The government will also continue with the implementation of all projects allocated in the Budget 2020 including the East Coast Rail Link (ECRL) and the Mass Rapid Transit Line 2 (MRT2).
“There is nothing new and no new surprises on the government’s stance on the ECRL. This decision does not mean that ECRL progress will be accelerated. As it stands, the project is delayed due to land acquisition matters, which slows down final design and tender process, ” says CGS CIMB analyst Sharizan Rosely.
He adds that the ECRL was partially affected by the one month of MCO, as other non-essential works has stopped while tunnelling works continue. The ECRL is about 15% completed prior to the MCO.
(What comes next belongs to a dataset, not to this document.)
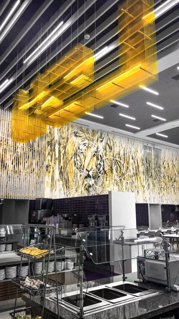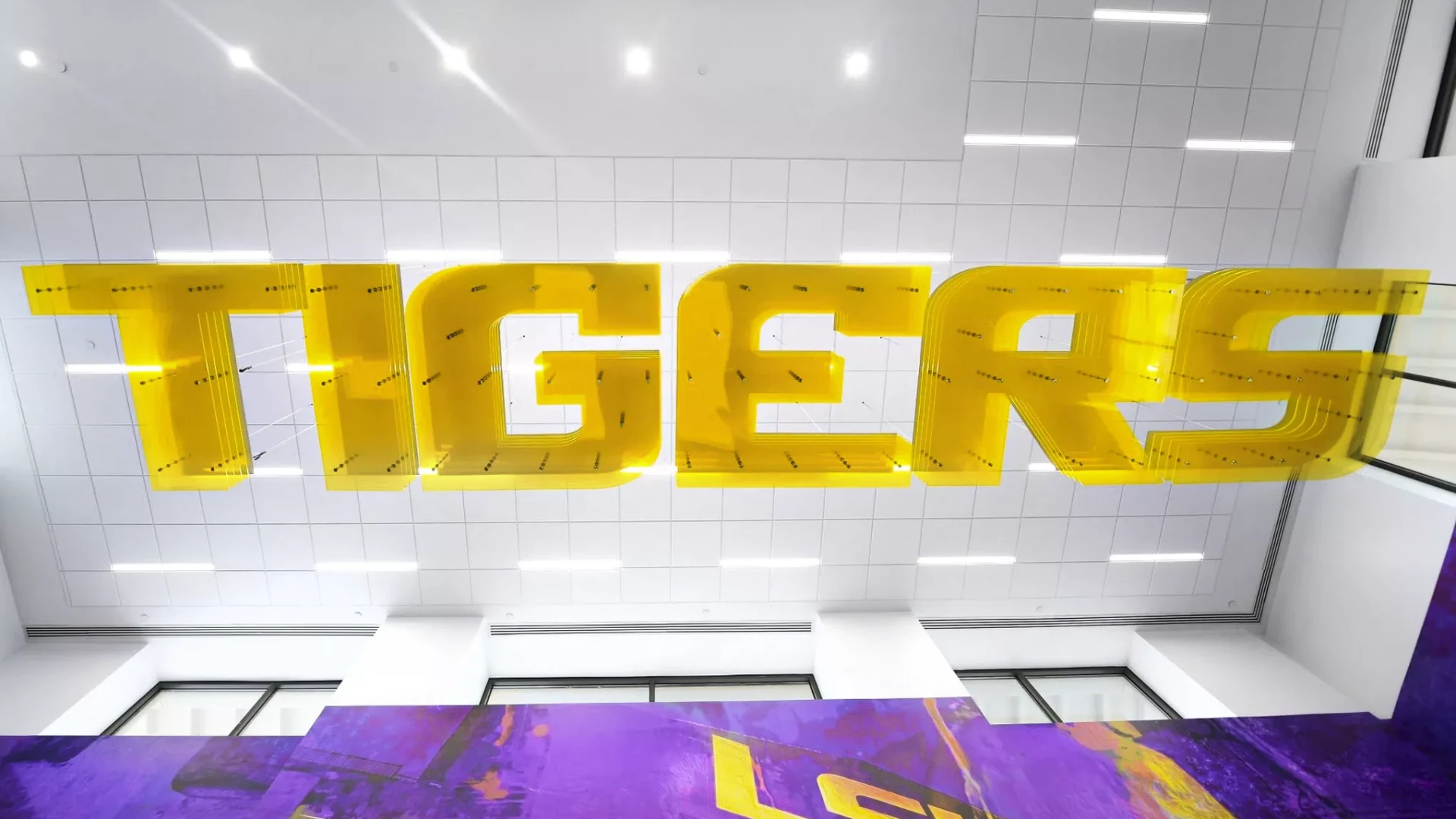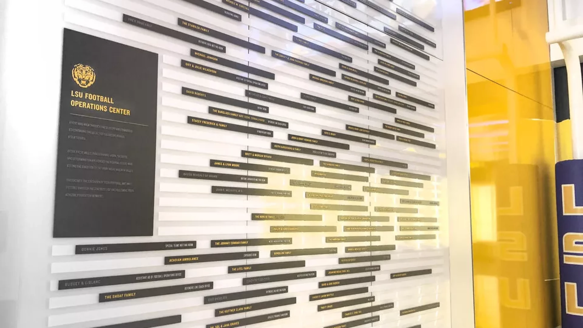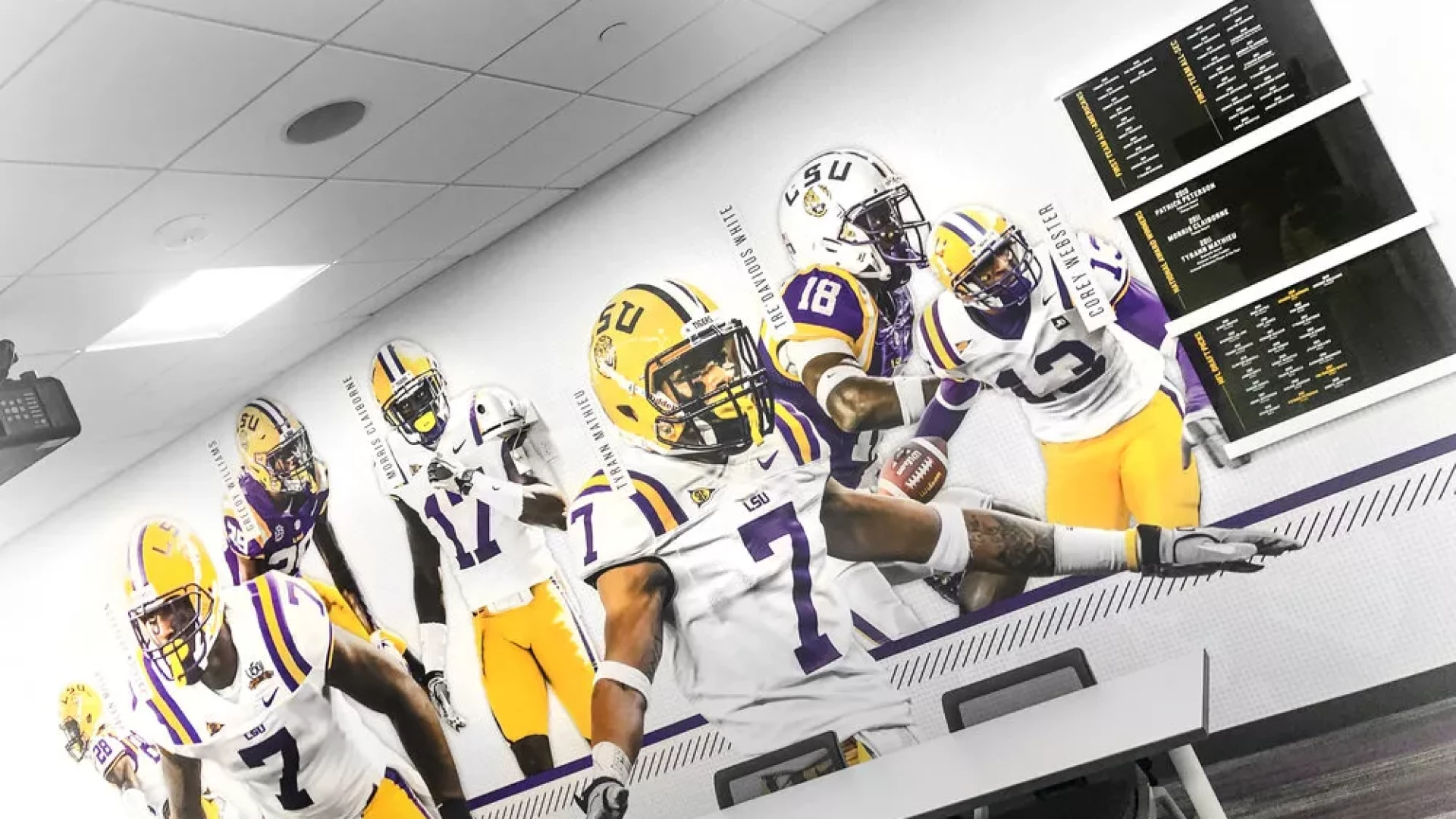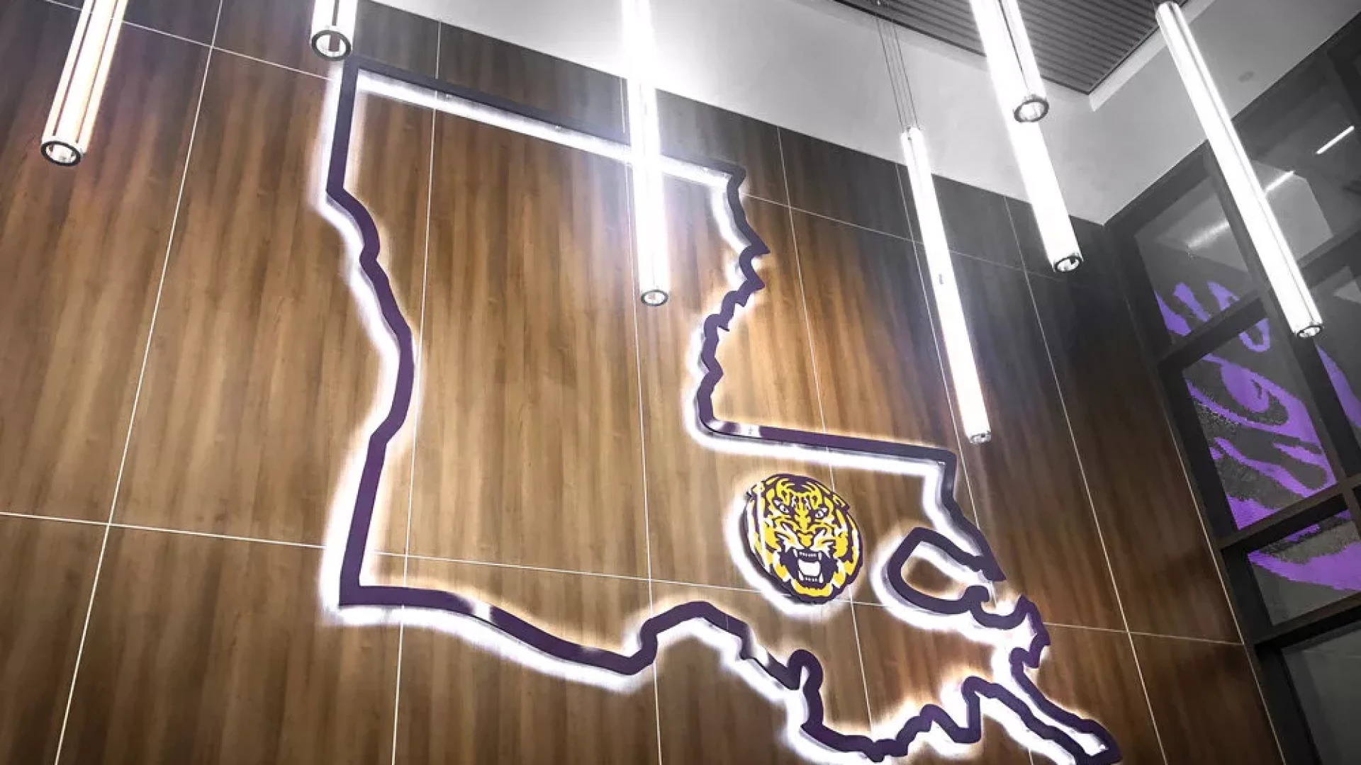 LSU, the Tiger Athletic Foundation and Forty Nine Degrees collaborated to enhance the newly renovated Football Operations and Performance Nutrition Center. The project included an addition of nearly 25,000 square feet, with a new training room, offices, locker room, player’s lounge and cafeteria. Forty Nine Degrees developed several spaces, including projection mapped displays, a custom NIKE corridor and an impactful NFL hallway, adorned with helmets from the respective NFL player's era.

The potential contenders of the ECRL within CIMB’s coverage, which have prequalified but have not indicated that they have submitted official tenders or have been called to submit tenders, include IJM Corp Bhd, Sunway Construction Bhd, MRCB Bhd and WCT Holdings Bhd.
The highly anticipated competitive tender is likely to also include other contractors namely TSR Capital Bhd, Ikhmas Jaya Group Bhd, Fajar Baru Holdings Bhd, Gadang Holdings Bhd, TRC Synergy Bhd, AZRB Bhd, Mitrajaya Holdings Bhd, HSS Engineers Bhd, Gabungan AQRS Bhd, George Kent (M) Bhd and Econpile Holdings Bhd.
“In our view, those are selected contractors with considerable rail track record in the past. We have initially estimated that the first phase award of the ECRL to be RM3bil to RM4bil in 2020, as not all sections will be ready for tender rollout. This value range has not changed, ” says Sharizan.